Requirement - Exactly the lines from the one holding "Inteplast Group High-Density" through the end of the material below must be printed, nothing more, and the pictures must be dropped.

++++ Supplied information ++++

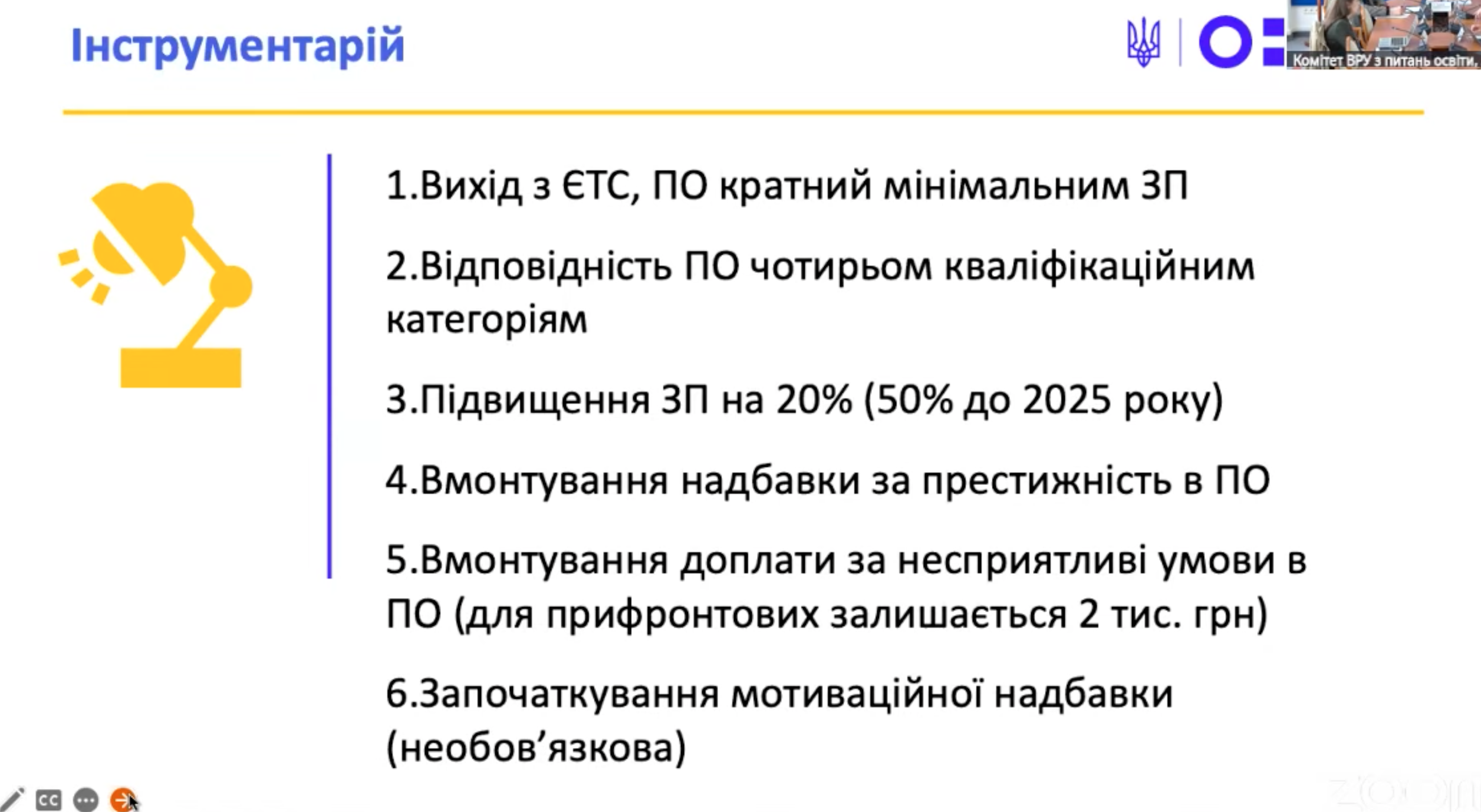 Анастасія Софіенко, заступниця міністра освіти і науки представила варіанти формування нових моделей оплати праці, акцентувавши, що з 1 вересня 2026 року відбудеться заплановане підвищення заробітної плати ще на 20% і таким чином буде забезпечено підвищення на 50%.
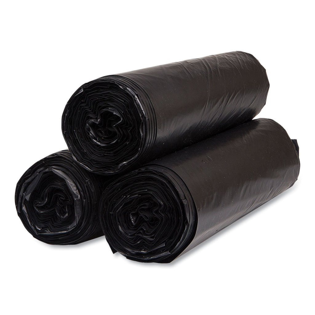 Inteplast Group High-Density Commercial Can Liners, 45 gal, 22 mic, 40" x 48", Black, Interleaved Roll, 25 Bags/Roll, 6 Rolls/Carton
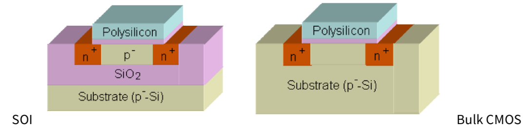 絶縁層の存在SOIウェーハ漏れ電流と静電容量を削減し、デバイスの静的および動的消費電力の削減に貢献します。

++++

Your response -
 Inteplast Group High-Density Commercial Can Liners, 45 gal, 22 mic, 40" x 48", Black, Interleaved Roll, 25 Bags/Roll, 6 Rolls/Carton
 絶縁層の存在SOIウェーハ漏れ電流と静電容量を削減し、デバイスの静的および動的消費電力の削減に貢献します。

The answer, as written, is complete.